Items listed in a dataset:
——
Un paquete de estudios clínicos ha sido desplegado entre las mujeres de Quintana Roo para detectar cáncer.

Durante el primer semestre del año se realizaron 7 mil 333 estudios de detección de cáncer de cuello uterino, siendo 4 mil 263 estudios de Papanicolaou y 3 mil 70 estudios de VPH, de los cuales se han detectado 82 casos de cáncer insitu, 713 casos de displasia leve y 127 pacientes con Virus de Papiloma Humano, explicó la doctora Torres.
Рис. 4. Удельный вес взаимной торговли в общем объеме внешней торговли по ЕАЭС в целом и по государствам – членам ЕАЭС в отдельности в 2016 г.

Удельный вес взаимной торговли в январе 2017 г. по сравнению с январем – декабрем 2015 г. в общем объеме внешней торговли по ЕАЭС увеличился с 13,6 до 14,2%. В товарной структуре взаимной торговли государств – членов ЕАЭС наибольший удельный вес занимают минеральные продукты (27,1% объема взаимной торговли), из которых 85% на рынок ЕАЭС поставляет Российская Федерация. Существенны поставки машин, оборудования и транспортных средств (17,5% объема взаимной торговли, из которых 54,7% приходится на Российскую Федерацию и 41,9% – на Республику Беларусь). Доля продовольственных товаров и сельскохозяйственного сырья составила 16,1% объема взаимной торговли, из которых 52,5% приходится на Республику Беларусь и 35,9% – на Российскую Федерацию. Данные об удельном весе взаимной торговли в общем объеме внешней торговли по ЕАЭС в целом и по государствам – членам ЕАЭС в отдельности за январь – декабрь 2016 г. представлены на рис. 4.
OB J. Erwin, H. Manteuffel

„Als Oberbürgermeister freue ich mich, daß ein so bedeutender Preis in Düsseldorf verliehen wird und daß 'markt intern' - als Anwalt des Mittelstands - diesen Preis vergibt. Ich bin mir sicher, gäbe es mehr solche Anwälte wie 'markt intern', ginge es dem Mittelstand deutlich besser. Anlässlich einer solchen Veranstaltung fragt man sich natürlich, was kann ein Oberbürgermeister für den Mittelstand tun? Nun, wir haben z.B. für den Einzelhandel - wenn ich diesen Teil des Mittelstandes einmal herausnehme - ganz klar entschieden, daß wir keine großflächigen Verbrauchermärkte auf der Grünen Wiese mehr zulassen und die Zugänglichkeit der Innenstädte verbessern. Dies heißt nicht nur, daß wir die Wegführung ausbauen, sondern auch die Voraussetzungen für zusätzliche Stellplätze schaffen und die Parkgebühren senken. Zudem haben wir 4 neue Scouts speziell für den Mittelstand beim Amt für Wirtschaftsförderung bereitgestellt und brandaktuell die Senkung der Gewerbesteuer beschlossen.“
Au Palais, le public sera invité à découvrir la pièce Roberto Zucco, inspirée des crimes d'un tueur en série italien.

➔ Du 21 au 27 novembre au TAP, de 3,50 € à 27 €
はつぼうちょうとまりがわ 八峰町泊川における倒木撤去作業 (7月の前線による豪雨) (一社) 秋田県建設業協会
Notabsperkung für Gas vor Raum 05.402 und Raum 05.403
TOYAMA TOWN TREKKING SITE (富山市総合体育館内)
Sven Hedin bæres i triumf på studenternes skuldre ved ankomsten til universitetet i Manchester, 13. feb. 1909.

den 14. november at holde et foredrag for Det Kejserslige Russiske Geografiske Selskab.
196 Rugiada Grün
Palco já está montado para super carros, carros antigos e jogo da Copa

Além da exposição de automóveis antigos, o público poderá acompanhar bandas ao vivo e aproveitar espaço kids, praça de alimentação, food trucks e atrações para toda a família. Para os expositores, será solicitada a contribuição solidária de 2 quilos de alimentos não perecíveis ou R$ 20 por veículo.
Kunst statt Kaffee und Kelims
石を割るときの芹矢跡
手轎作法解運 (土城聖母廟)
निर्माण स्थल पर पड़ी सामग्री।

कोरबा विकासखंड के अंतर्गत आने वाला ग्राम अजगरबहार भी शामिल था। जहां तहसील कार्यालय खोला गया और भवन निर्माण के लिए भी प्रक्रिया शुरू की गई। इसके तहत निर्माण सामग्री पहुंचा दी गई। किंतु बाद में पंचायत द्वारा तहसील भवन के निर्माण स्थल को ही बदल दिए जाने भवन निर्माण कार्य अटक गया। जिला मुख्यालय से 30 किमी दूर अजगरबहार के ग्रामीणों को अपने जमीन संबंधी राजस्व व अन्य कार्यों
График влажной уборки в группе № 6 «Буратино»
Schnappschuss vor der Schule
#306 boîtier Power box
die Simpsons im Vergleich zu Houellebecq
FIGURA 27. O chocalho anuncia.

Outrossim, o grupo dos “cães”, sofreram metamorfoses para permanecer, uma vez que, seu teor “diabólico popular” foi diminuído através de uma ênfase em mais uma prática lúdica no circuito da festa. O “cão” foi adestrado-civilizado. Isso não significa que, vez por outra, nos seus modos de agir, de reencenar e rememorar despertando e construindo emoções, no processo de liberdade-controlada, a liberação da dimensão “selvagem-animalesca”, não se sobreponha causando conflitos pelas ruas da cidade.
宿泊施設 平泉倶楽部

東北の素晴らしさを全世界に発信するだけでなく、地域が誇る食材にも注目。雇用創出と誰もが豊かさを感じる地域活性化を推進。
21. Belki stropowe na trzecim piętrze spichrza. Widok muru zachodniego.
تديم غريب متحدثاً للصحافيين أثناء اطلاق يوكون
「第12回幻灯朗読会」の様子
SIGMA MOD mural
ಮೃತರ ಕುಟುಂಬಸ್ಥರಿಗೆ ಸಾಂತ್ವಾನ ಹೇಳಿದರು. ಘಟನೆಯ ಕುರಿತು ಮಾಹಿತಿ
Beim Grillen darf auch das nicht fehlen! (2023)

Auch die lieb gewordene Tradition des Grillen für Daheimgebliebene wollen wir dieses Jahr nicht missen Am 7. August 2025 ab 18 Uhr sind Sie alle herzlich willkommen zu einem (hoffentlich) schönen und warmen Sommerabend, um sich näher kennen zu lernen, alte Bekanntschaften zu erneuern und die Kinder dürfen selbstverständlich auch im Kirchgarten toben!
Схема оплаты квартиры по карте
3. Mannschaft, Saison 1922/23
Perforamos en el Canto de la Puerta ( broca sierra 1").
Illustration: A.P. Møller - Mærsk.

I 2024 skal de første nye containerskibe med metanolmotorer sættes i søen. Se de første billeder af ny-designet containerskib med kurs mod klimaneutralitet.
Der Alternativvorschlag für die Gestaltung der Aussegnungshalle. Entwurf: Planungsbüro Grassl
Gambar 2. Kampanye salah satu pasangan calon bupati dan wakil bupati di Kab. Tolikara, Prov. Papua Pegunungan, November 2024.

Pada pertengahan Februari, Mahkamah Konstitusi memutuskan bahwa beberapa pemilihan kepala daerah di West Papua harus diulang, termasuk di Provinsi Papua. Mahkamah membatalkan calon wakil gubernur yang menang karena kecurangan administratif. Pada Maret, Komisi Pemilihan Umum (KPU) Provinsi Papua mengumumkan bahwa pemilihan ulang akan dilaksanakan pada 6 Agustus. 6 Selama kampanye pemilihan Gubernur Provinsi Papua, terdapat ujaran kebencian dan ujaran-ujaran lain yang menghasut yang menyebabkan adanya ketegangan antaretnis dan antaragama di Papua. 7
——
# [WORK REQUIRED]
Working from the records above, write out verbatim only the lines from the line containing "Durante el primer" through the line containing "Рис. 4. Удельный".

# [EXERCISE OUTPUT]
Durante el primer semestre del año se realizaron 7 mil 333 estudios de detección de cáncer de cuello uterino, siendo 4 mil 263 estudios de Papanicolaou y 3 mil 70 estudios de VPH, de los cuales se han detectado 82 casos de cáncer insitu, 713 casos de displasia leve y 127 pacientes con Virus de Papiloma Humano, explicó la doctora Torres.
Рис. 4. Удельный вес взаимной торговли в общем объеме внешней торговли по ЕАЭС в целом и по государствам – членам ЕАЭС в отдельности в 2016 г.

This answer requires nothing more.